Figure 1 Airway inflammation was alleviated by anti-ST2-NPs. (A) On the basis of establishing asthma model, the mice were treated with anti-ST2 and anti-ST2-NPs, respectively. (B) Flow cytometry evaluated the expression of DiR in lung. (C) Lung tissue sections of different groups of mice were stained with H&E.
Cell Preparation and Flow Cytometric Quantification
Peripheral blood mononuclear cells (PBMCs) from human and mice were obtained by Ficoll-Hypaque density-gradient centrifugation and divided into two equal parts, one of which was immediately used for flow cytometry, and then added 1 mL Trizol (Invitrogen, USA) into the other aliquots and was stored at −80°C for extracting total RNA. Mice lung and BALF samples were collected from all groups of mice. For flow cytometric quantification, single-cell suspensions were then stained with flowing fluorescence conjugated different monoclonal antibodies: anti-Lineage (CD2, CD3, CD14, CD16, CD19, CD56, and CD235a, eBioscience, San Diego, CA, USA), anti-CD90.2, anti-ST2, anti-KLRG1 (R&D Systems, Inc., Minneapolis, MN, USA). Intracellular staining for IL-5 and IL-13 (eBioscience, San Diego, CA, US) was performed with the Cytofix/Cytoperm kit (BD Biosciences) after 3 hr restimulation of 1 × 105 total cells in 500 mL RPMI-1640 media containing 10% FBS, Penicillin/Streptomycin (P+S), 2-mercaptoethanol (2-ME), Brefeldin A (GolgiPlug, BD Biosciences), PMA (30 ng/mL), and ionomycin (500 ng/mL) at 37 °C. For human ILC2s cell detection, cells were triple stained with anti-Lineage, anti-CD127, anti-IL-CRTH2 mAbs (R&D Systems, Inc., Minneapolis, MN, USA) according to the manufacturer’s instructions. The labeled cells were quantified on a LSRII flow cytometer (BD, Franklin Lakes, NJ) and analyzed using FlowJo software (vX.0.7, Tree Star, Ashland, OR).

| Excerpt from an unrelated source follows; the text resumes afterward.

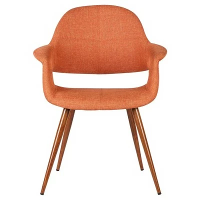 The Armen Living Phoebe contemporary armchair is a well-proportioned, unassuming, and yet simply elegant addition to your modern dwelling. Add some color to your home with this bold and stylish mid-century designed dining chair. Upholstered in textured fabric over a hardwood frame and complete with a generously cushioned seat and back, the Phoebe is the epiphany of comfort and style. This brilliant chair also features padded armrests for further relaxation. Its walnut wood finished metal legs further enhance its mid-century appeal while assuring durability. The curved wood medium high back is ideal for posture alignment and an unmatched support for days on end. The high-density cushion foam is deal for all day comfort in any space in your home. The foundation of the product is supported by solid walnut wood for a chic and stylish aesthetic without comprising practicality and functionality of this item. This product ships in one box with easy and quick set up. We stand by the quality, the craftsmanship and the integrity of our product by offer 1-year warranty for all our products. We want our customers enjoy our product and we will always be there to help with our top-notch customer service support. Excellent choice for a Modern, Contemporary, and Mid-Century Dining and Kitchen setting. The Phoebe barstool will add a touch of distinction and elegance to your home bar or dining room with its ultra-modern design, clean lines and stylish shapes. The Phoebe is available in Gray, Green and Orange Fabric upholstery. Product Dimensions: 25″W x 24″D x 33″H SH: 18″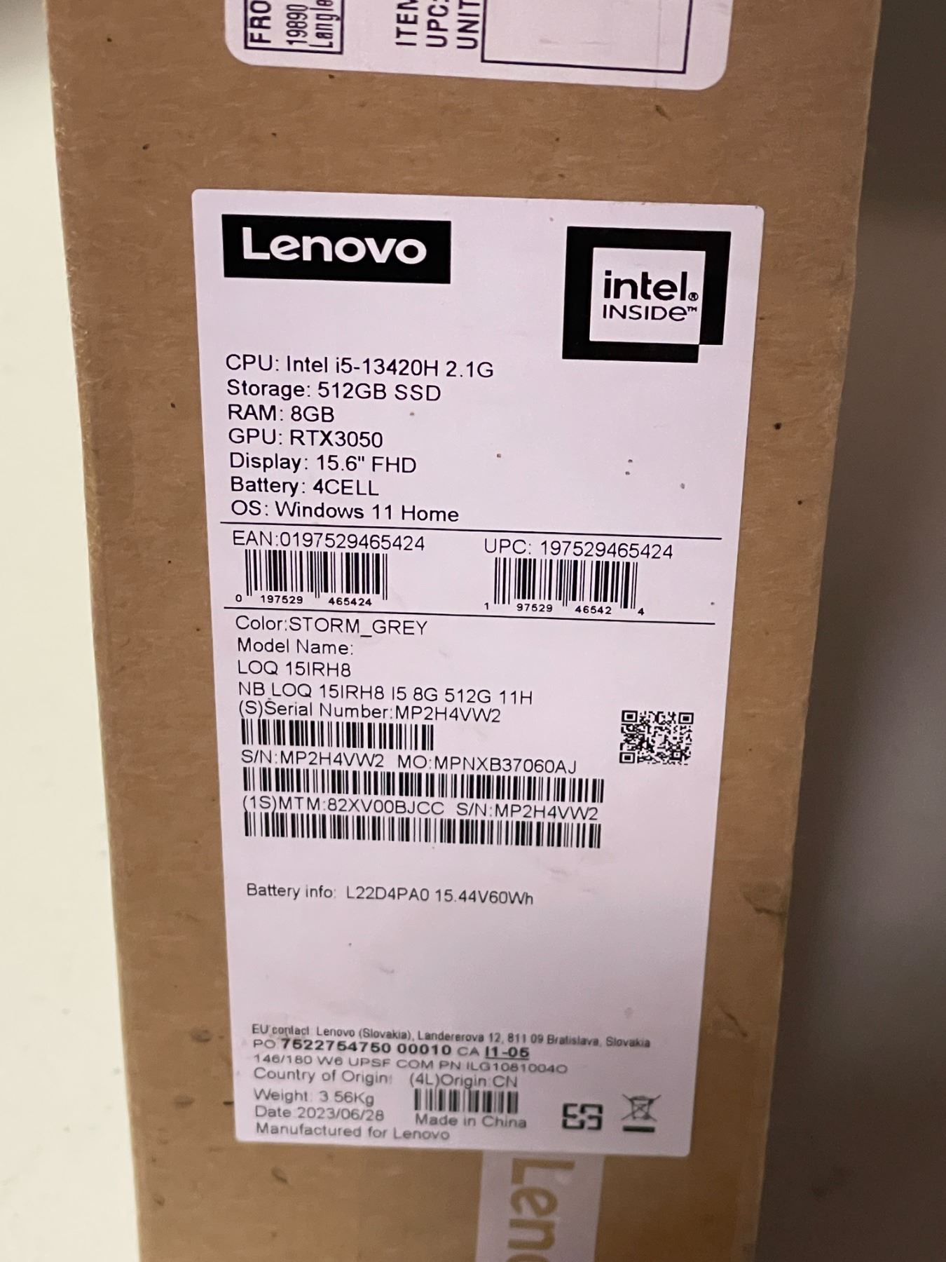 Lenovo LOQ 15.6" Laptop - 8GB Ram / 512GB SSD - Storm Grey

Isolation of ILC2s and Cell Viability Assay
ILC2s were sorted by magnetic beads combined with flow cytometry from mice spleen. Mice splenic cell suspension was stained by Biotinbinding antibodies (anti-CD21/CD35, anti-Ter-119, anti-CD45R, antiCD3, anti-CD11b, and anti-CD49) (Miltenyi Biotec, Belgish-Gladbach, Germany), and then combined with Streptavidin-MicroBeads, the negative cells were enriched by magnetic column. This step was mainly to remove most of the lineage-expressing cells in spleen, thus enriching lineage-negative cells. The enriched cells were stained with FITC-lineage (eBioscience, San Diego, CA, USA), PE-CD90.2, and APC-ST2 (R&D Systems, Inc., Minneapolis, MN, USA), then further sorted by flow cytometry. The sorted cells (1 × 105 cells per well in a 96-well plate) were cultured in 1640 medium supplemented with 10% FBS, 10 ng/mL IL-7, 10 ng/mL IL-2, and10 ng/mL IL-33 (Peprotech, Rocky Hill, USA), 10 U/mL Penicillin and 10 U/mL streptomycin. Three days later, ILC2s were cultured with IgG-NPs at 0, 2, 4, 8 and 16μg/mL for 24h and 48 h. The cell viability was determined using cell counting kit (CCK8) (Dojindo, Japan) according to the manufacturer’s instructions. The plates were scanned at 450 nm for absorbance using a spectrophotometer (BioTek, Winooski, VT, USA). Each data point was measured for the average from six duplicates. The experiments were repeated independently for 3 times.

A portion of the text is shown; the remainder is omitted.